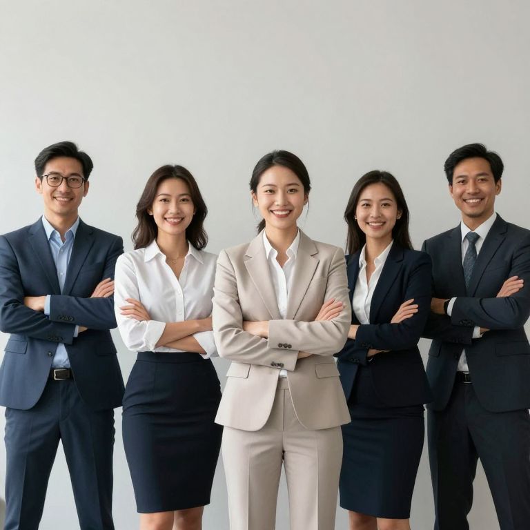 Photograph of five Asian professionals standing in a row, smiling, with arms crossed, wearing formal suits and blouses, against a white background.
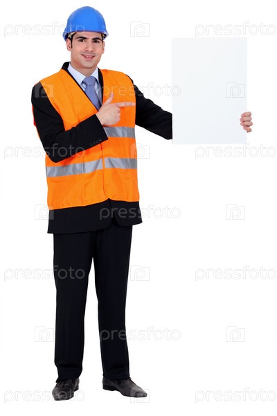 Мужчина в каске с плакатом
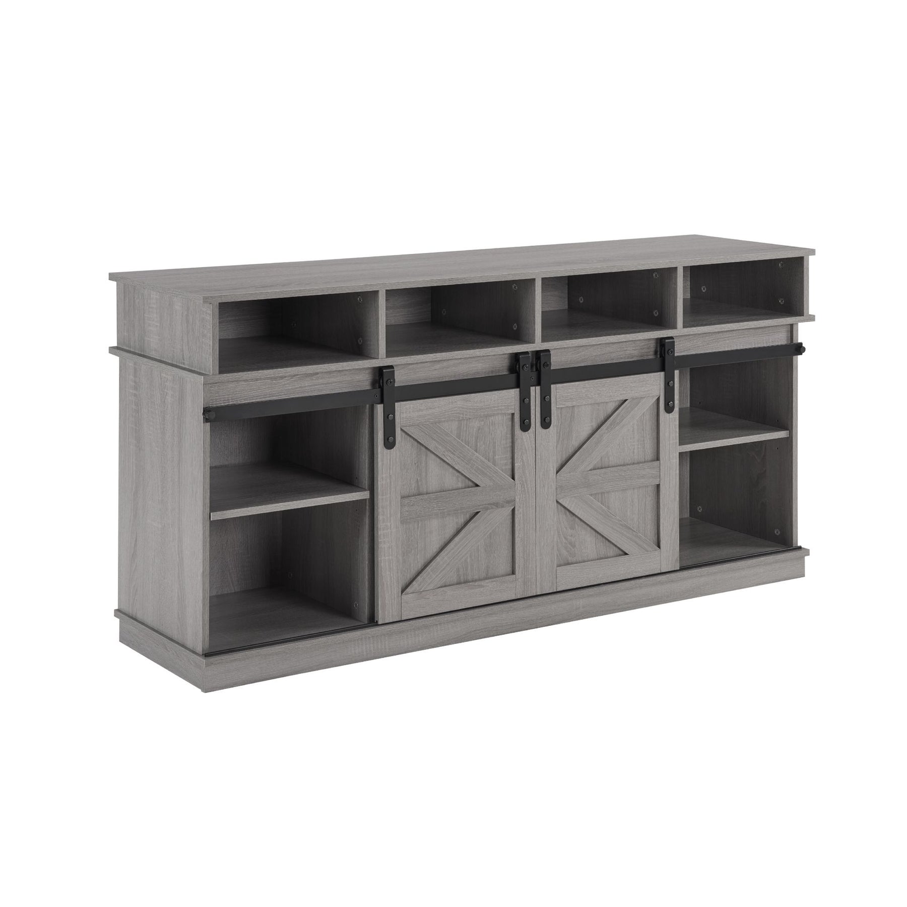 - Barn-inspired modern farmhouse design in stylish grey finish

+++++

__EXERCISE GOAL__: From the material above, copy everything exactly but the pictures.

__EXERCISE ANSWER__:
 Photograph of five Asian professionals standing in a row, smiling, with arms crossed, wearing formal suits and blouses, against a white background.
 Мужчина в каске с плакатом
 - Barn-inspired modern farmhouse design in stylish grey finish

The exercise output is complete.